City's long procession of music greatness will march again

New Orleans and music are synonymous.

It's the birthing ground of jazz, a city with chords and clefs in its DNA, a place where that "let the good times roll" spirit has inspired the creation of memorable tunes for decades.

It hosts one of the country's premier music fests. Jazz, Cajun, swamp rock, "second line" drumming, Dixieland brass and — sadly, in the upcoming weeks and months — the slow, mournful march of funeral bands, it's all part of the Crescent City experience.

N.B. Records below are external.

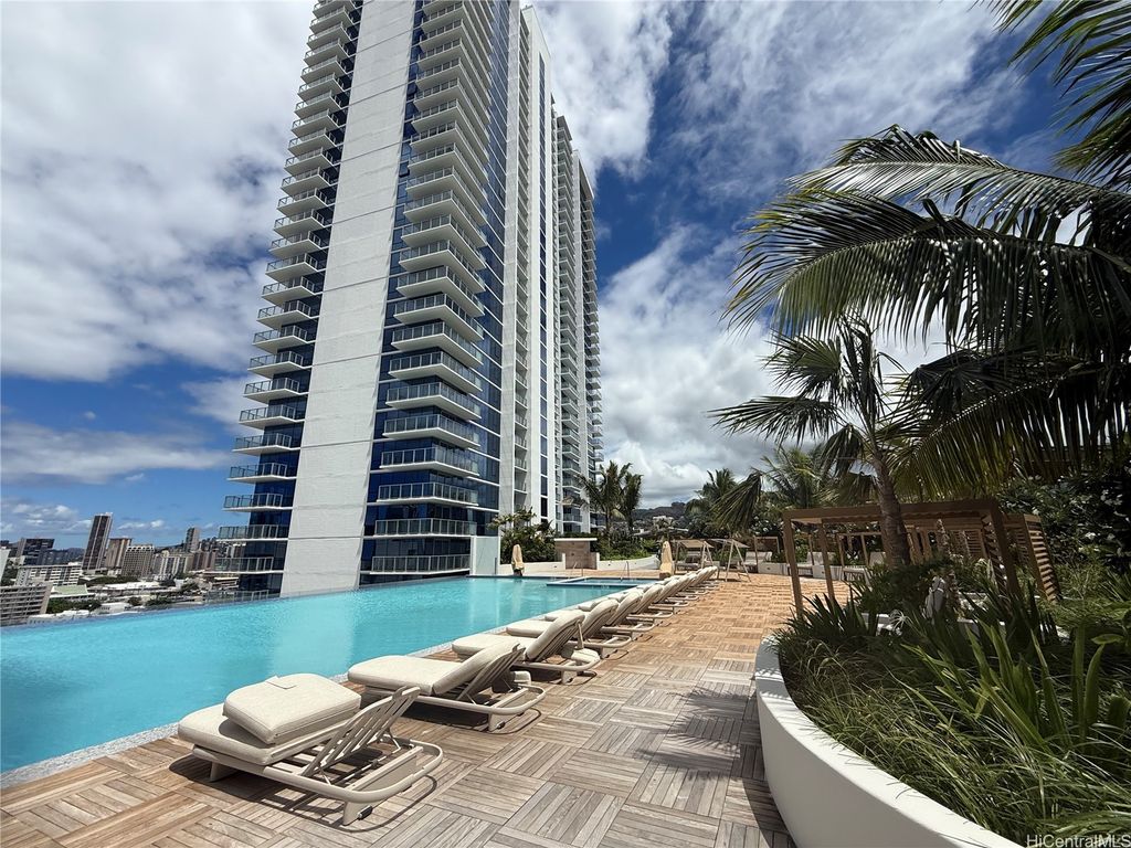 Expansive floor-to-ceiling windows on this high floor residence at the brand-new Park on Keeaumoku frame stunning city skyline views, filling the home with natural light by day and sparkling city lights at night. Sleek modern finishes, split A/C, and energy-efficient appliances create a stylish and comfortable urban retreat. Residents enjoy resort-style amenities including an infinity pool, spa, movie theater, co-working lounges, and BBQ cabanas. This is your opportunity to experience the best of modern Honolulu living. No smoking, No pet allowed. Tenants with service animal or emotional support animal must disclose at the time of submitting an application and provide proper certificate or paperwork.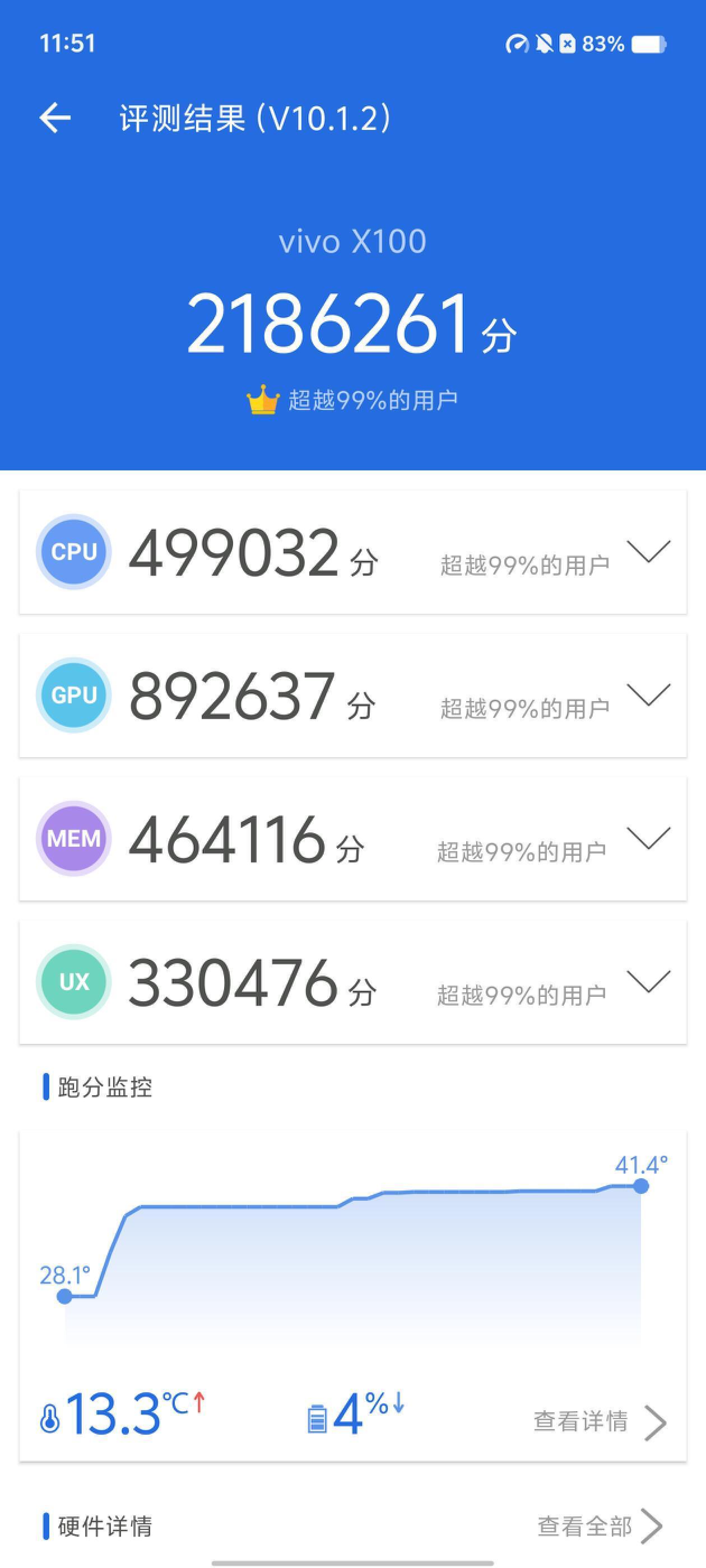这样夸张的配置,也让 vivo X100 的跑分来到了 218 万分,如果在后续更冷的天气里测试,相信分数还能有进一步上升的空间。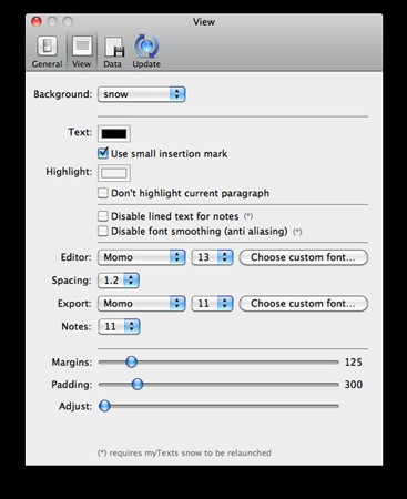 Hiện tại, myTexts snow đã tương thích với hệ điều hành Mac OS X phiên bản 10.6.2 trở lên.

Watching the scenes of devastation on TV in the past few days, I was instantly reminded of Randy Newman's song Louisiana 1927, a tale of an early 20th-century flood:

"The river rose all day
The river rose all night
Some people got lost in the flood
Some people got away alright . . .
Louisiana, Louisiana
They're trying to wash us away, they're trying to wash us away . . . "

And that lament led to the classic jazz ballad, a real heartbreaker now, sung by every city son from Louis Armstrong to Harry Connick Jr:

"Do you know what it means to miss New Orleans
And miss her each night and day
I know I'm not wrong because the feeling's
Getting stronger the longer I stay away . . . "

Jazz is the city's calling card. Armstrong, who grew up in Storyville, the infamous red-light district, eventually became the city's most famous musical ambassador. They even named the airport after him.

But just think about all the musicians nurtured in that fertile land:

Jelly Roll Morton, Professor Longhair, Buddy Bolden, Pete Fountain, the Neville Brothers, Wynton and Branford Marsalis, Fats Domino (who was reported as missing in an Internet story), Louis Prima, Smiley Lewis, Huey "Piano" Smith, James Booker, the Meters, Gary "U.S." Bonds, Ernie K. Doe, Master P, Allen Touissant, Al Hirt, Galactic and the great Dr. John.

How long will it take for tourists to pack again into that creaky house on Saint Peter Street in the French Quarter, three blocks from the Big Muddy, and listen to the marvelous traditionalist sounds of the Preservation Hall Jazz Band? Or hear the Nevilles sing "Iko-Iko" at Tipitina's? Or listen to today's jazz stars at Snug Harbor?

More than almost any other American city, New Orleans is a song, a veritable rolling river of music: "Basin Street Blues," "Way Down Yonder in New Orleans," "The Battle of New Orleans," "Christmas in New Orleans."

Many songs take place in the Big Easy, even if they're not in the title. "Mr. Bojangles " was in a cell there. "Bobby McGee " thumbed a diesel down and rode there. The city's slave market history was the opening scene of the Rolling Stones' "Brown Sugar." Bob Dylan's character in "Tangled Up in Blue" drifted there, working for a while on a fishing boat.

And, of course, there is a house in New Orleans they call the rising sun.

It will be awhile before things rise in New Orleans, before the city's unofficial slogan — Laissez les bons temps rouler — rings true again.

In the meantime, let the saints go marching in.

By LARRY AYDLETTE
Cox News Service

Larry Aydlette writes for The Palm Beach Post.